Among the many new packaging technologies, wafer-level packaging technology is the most innovative and most eye-catching, and is a symbol of revolutionary breakthroughs in packaging technology. The concept of wafer-level packaging technology is to fabricate CSP packaging technology on the entire wafer, which is to complete most of the packaging work at the wafer level. Therefore, the wafer-level package structure can omit the step of flip chip technology dispensing. At present, an elastomer or an elastomer-like body can be used to offset the stress, and the process of these elastomers can be completed on the entire wafer. Eliminates the complicated process of dispensing separate components. The design concept of square wafer packaging technology is to increase the distance between components and substrates, that is, to select a larger tin-lead solder ball to achieve conductivity. The existing wafer-level packaging technology uses re-layout technology to add The spacing of the large tin-lead solder balls is such as to increase the volume of the tin-lead solder balls, thereby reducing and withstanding the stress caused by the difference in thermal expansion between the substrate and the components, thereby improving the reliability of the components.

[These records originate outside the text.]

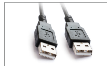
Safescan USB Update-Kabel Art. no: 124-0458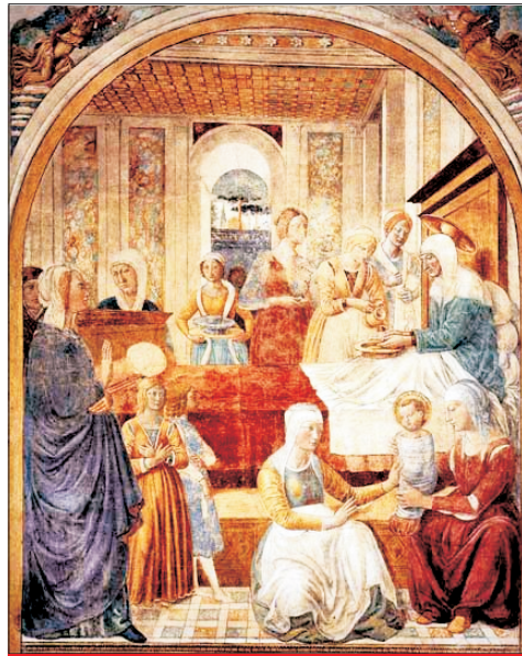
Szűz Mária születése (Benozzo Gozzoli festménye)

Kisboldogasszony napján, szeptember 8-án Egyházunk Szűz Mária születésnapját ünnepli.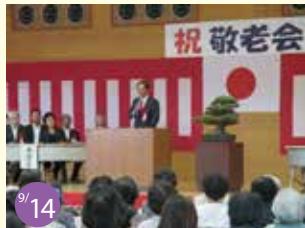
9/14 敬老会 広島6区各々で開催された敬老会に参加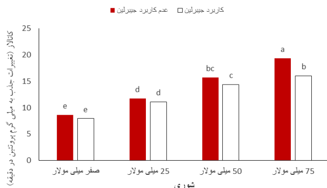
شکل ۳- مقایسه میانگین اثر متقابل دوگانه شوری در جیبرلین بر کاتالاز

مصرف هورمون جیبرلین به دست آمد، همچنین قابل ذکر است که در هر کدام از غلظت‌های نمک کمترین میزان فعالیت این آنزیم در شرایط کاربرد هورمون جیبرلین به دست آمد (شکل ۳).

Wafer-level packaging and wafer-level chip-scale packaging (WLCSP) are the same concept. It is a breakthrough in chip-scale packaging. It represents a type of package that still exists as a wafer after the completion of a circuit package. The main reason is that it can reduce the package size to the same size as IC chips and the cost of processing. Wafer-level packaging is currently growing at an alarming rate, with an average annual growth rate (CAGR) of 210%. The growing devices are primarily integrated circuits, passive components, high-performance memories, and devices with fewer pin counts.
There are currently five proven process technologies available for wafer bumps, each with its own advantages and disadvantages. Among them, gold wire post bumps and electrolytic or electroless gold plating bumps are mainly used for packages with a small number of pins (generally less than 40). Applications include glass flip chip (COG) and soft film flip chip (COF). ) and RF modules. Due to the high cost and long process time of such technical materials, it is not suitable for packages with many I/O pins. Another technique is to place the solder balls first and then reflow the pre-formed solder balls. This technique is suitable for packages with up to 300 pins. The two most commonly used wafer bump processes are electrolytic or chemically plated solders, as well as solder paste printing using high precision imprinting platforms.
One of the advantages of printed solder paste is the low investment in equipment, which allows many wafer bump processing manufacturers to enter the market and serve semiconductor manufacturers. As WLP is gradually accepted by the commercial market, the demand for new wafer bump professional processing services continues to grow rapidly. Indeed, most wafer bumping plants are predicated on printing capabilities and offer one or more other technologies. Many people in the industry believe that solder paste printing technology will dominate the application of most wafer bumps.
UV encapsulation resin reduces waste from misproportionate mixing, free of isocyanates or heavy metals. The potting material can be processed in a few seconds, eliminating the need for fixtures, fixtures, brackets and electronic furnaces, which effectively reduces space usage and reduces total storage costs. UV potting compounds are ideal for shallow component sealing and sealing of connectors, inductors, detectors, capacitors, RF circuits, relay screws, sensors, tamper-proof and PCB seals.